____ Provided material
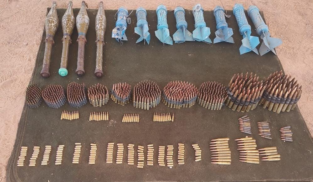 Elementos de la Guardia Nacional, en coordinación con el Ejército Mexicano, aseguraron granadas para lanzacohetes RPG, artefactos explosivos improvisados para ser arrojados con drones y cartuchos útiles de diversos calibres, en Sonora.
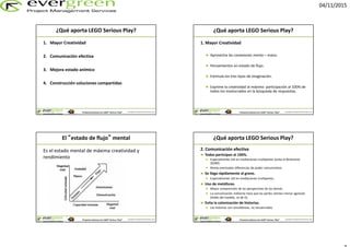 El documento presenta el uso de LEGO® Serious Play® (LSP) como una metodología para mejorar la gestión en organizaciones, facilitando la comunicación, la creatividad y la resolución de conflictos. Se describe su evolución desde los años 90 hasta su adopción en diversas empresas, así como sus beneficios en la construcción de soluciones compartidas y el fomento del compromiso del equipo. También se detallan procesos y dinámicas específicas para implementar LSP en proyectos, incluyendo la identificación de interesados y la gestión de riesgos.
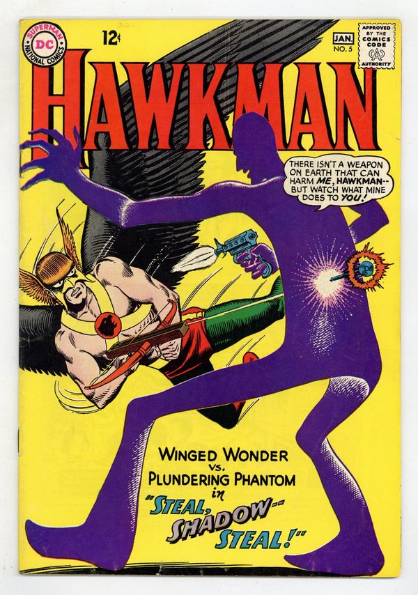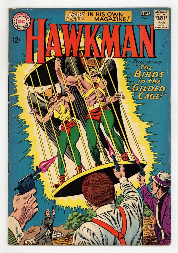 Starts Feb 2 Cover art by Murphy Anderson. The Fear that Haunted Hawkman, script by Gardner Fox, art by Murphy Anderson; An ancient Eqyptian statue mysteriously causes Hawkman to fear the leader of the Sky-Raiders. Birds In the Gilded Cage, script by Gardner Fox, art by Murphy Anderson; An alien bird-creature misunderstands the Hawks' work as crimefighters and imprisons them in a cage to "protect" them from a gang of crooks. Letter to the editor from comics artist Bill Stout. 36 pgs. $0.12. Cover price $0.12.
________
- Task goal:
Output the data exactly. Pictures don't belong in the result.

- The completed task:
 Elementos de la Guardia Nacional, en coordinación con el Ejército Mexicano, aseguraron granadas para lanzacohetes RPG, artefactos explosivos improvisados para ser arrojados con drones y cartuchos útiles de diversos calibres, en Sonora.
 El documento presenta el uso de LEGO® Serious Play® (LSP) como una metodología para mejorar la gestión en organizaciones, facilitando la comunicación, la creatividad y la resolución de conflictos. Se describe su evolución desde los años 90 hasta su adopción en diversas empresas, así como sus beneficios en la construcción de soluciones compartidas y el fomento del compromiso del equipo. También se detallan procesos y dinámicas específicas para implementar LSP en proyectos, incluyendo la identificación de interesados y la gestión de riesgos.
 Starts Feb 2 Cover art by Murphy Anderson. The Fear that Haunted Hawkman, script by Gardner Fox, art by Murphy Anderson; An ancient Eqyptian statue mysteriously causes Hawkman to fear the leader of the Sky-Raiders. Birds In the Gilded Cage, script by Gardner Fox, art by Murphy Anderson; An alien bird-creature misunderstands the Hawks' work as crimefighters and imprisons them in a cage to "protect" them from a gang of crooks. Letter to the editor from comics artist Bill Stout. 36 pgs. $0.12. Cover price $0.12.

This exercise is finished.